Но несмотря на равнодушное, если не сказать жестокое, отношение родителей Джироламо впоследствии никогда не отзывался о них непочтительно. Он лишь замечал: «.они были мало постоянны в своей любви к сыну. Отец казался более добрым ко мне и более нежно любил меня, чем мать». А вся-то любовь Фацио проявлялась в том, что он иногда разрешал сыну понежиться утром в постели. Вспоминая в старости свое безрадостное детство, Кардано об этих утренних минутах говорил как о самых счастливых. Лежа в постели, он предавался грезам, одно видение сменялось другим, «появлялись замки, дома, животные, всадники, растения, деревья, музыкальные инструменты, театры, люди, одетые в разнообразные одежды и разного вида, главным образом трубачи, как будто игравшие на трубах, но не издавая при этом никакого звука; затем видел я воинов, толпы народа, поля… луга, леса и множество других вещей… Я с большим увлечением предавался этому созерцанию».

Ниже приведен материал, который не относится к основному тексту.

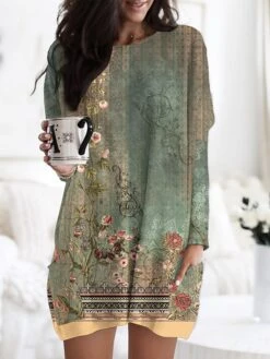 Women’s Nightgown Flower Fashion Comfort Home Daily Polyester Crew Neck Long Sleeve Pocket Fall Winter Light Pink Blue
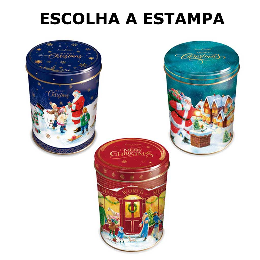 Lata Presente Lembrança Natal com Biscoito Butter Cookies 100g Santa Edwiges - Escolha sua Estampa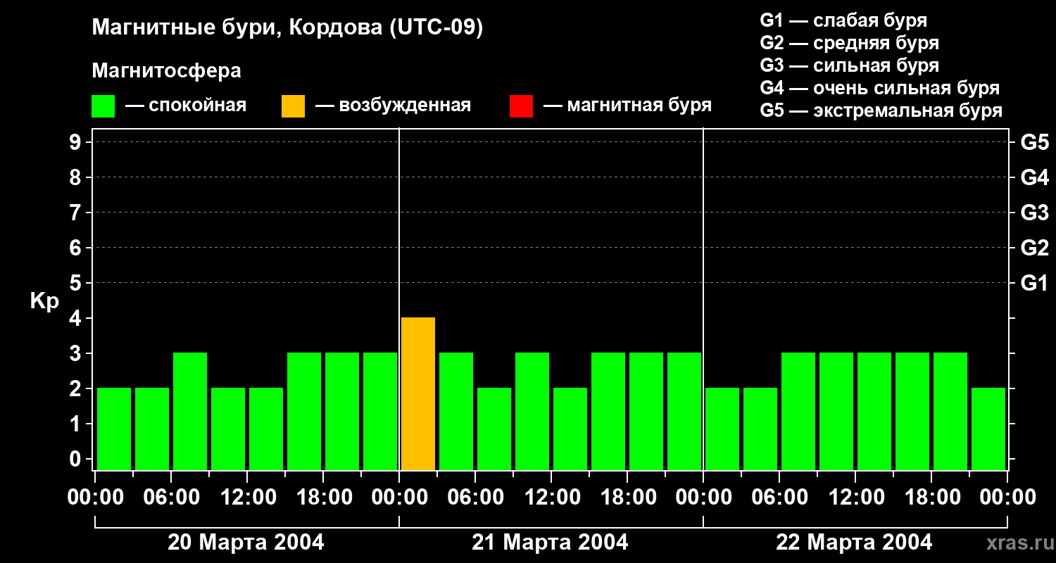 Изменения геомагнитного индекса Kp с 20 по 22 марта 2004 года для средних широт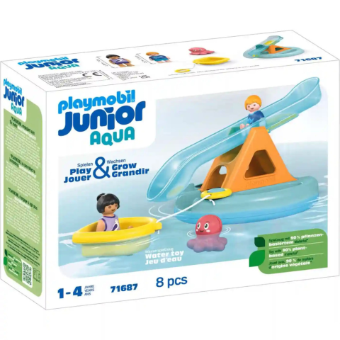 Induljon a nagy pancsolás a Playmobil 71687 Junior Aqua fürdőjáték vízicsúszdával! Ez a lebegő játékszett tökéletes szórakozást nyújt a kisgyermekeknek a kádban vagy a pancsoló medencében. A színes fürdőszigeten két különböző csúszdalehetőség is várja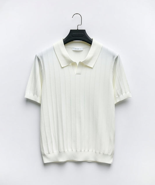 Polo oversize en maille côtelée fine – Crème écru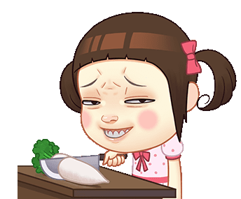 Neneng Gesrek with a cleaver in her head, smiling slyly at a radish on a table. Quirky and funny.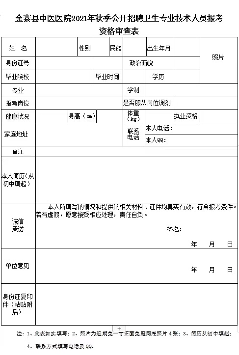 3、網(wǎng)上報(bào)名者可在金寨縣中醫(yī)醫(yī)院網(wǎng)站上下載《金寨縣中醫(yī)醫(yī)院2021年秋季公開招聘衛(wèi)生專業(yè)技術(shù)人員報(bào)考資格審查表》(如實(shí)填寫健康狀況及身高體重),將填寫完整的報(bào)考資格審查表、近期一寸正面免冠同底照片及報(bào)名所需材料的掃描件或清晰照片以附件的形式上傳。在發(fā)送郵件“主題”中注明真實(shí)姓名+專業(yè)+報(bào)考崗位,每位報(bào)考者限報(bào)1個(gè)崗位,須使用統(tǒng)一有效居民身份證參加報(bào)名和考試(如未按要求提交報(bào)名材料或上傳材料不全視為報(bào)名無效,無考試資格,不再另行通知)。請(qǐng)報(bào)考人員在報(bào)名審核表上準(zhǔn)確填寫聯(lián)系電話和地址,如有變化請(qǐng)及時(shí)告知。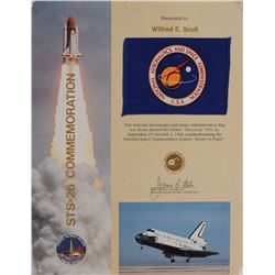 Flown National Aeronautics and Space Administration flag carried aboard the Space Shuttle Discovery on STS-26, September 29–October 3, 1988, 5.5 x 3.7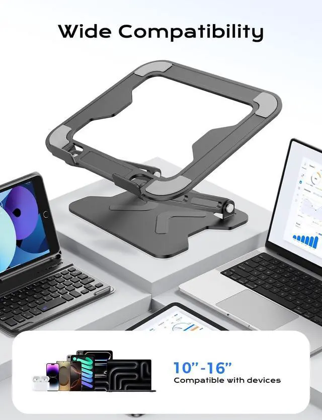 Wide Compatibility: This laptop holder is suitable for all laptops 10-16 inches and weighing within 8 kg, models like for MacBook, MacBook Air, MacBook Pro, Surface Laptop, Dell XPS, Google Pixelbook, HP, ASUS, Acer, Chromebook, Alienware, etc ^^

Джироламо часто и подолгу хворал. Однажды – это случилось на восьмом году жизни – он заболел так сильно, что домашние смирились: мальчик не жилец на этом свете. Но, проболев семь или восемь месяцев, он вопреки молчаливому приговору окружающих поправился (Фацио был убежден, что тут не обошлось без вмешательства св. Иеронима, которого он просил о помощи, убедившись в бессилии врачей). Кардано запомнил этот день, потому что тогда «французы, победив на берегах Адды венецианские войска, устроили по случаю победы празднество». Из окна своей комнаты худой рыжеволосый мальчик, очень бледный и очень серьезный, смотрел на сверкающие под лучами майского солнца доспехи французских солдат, маршировавших по миланским улицам, слышал ржание лошадей и военную музыку.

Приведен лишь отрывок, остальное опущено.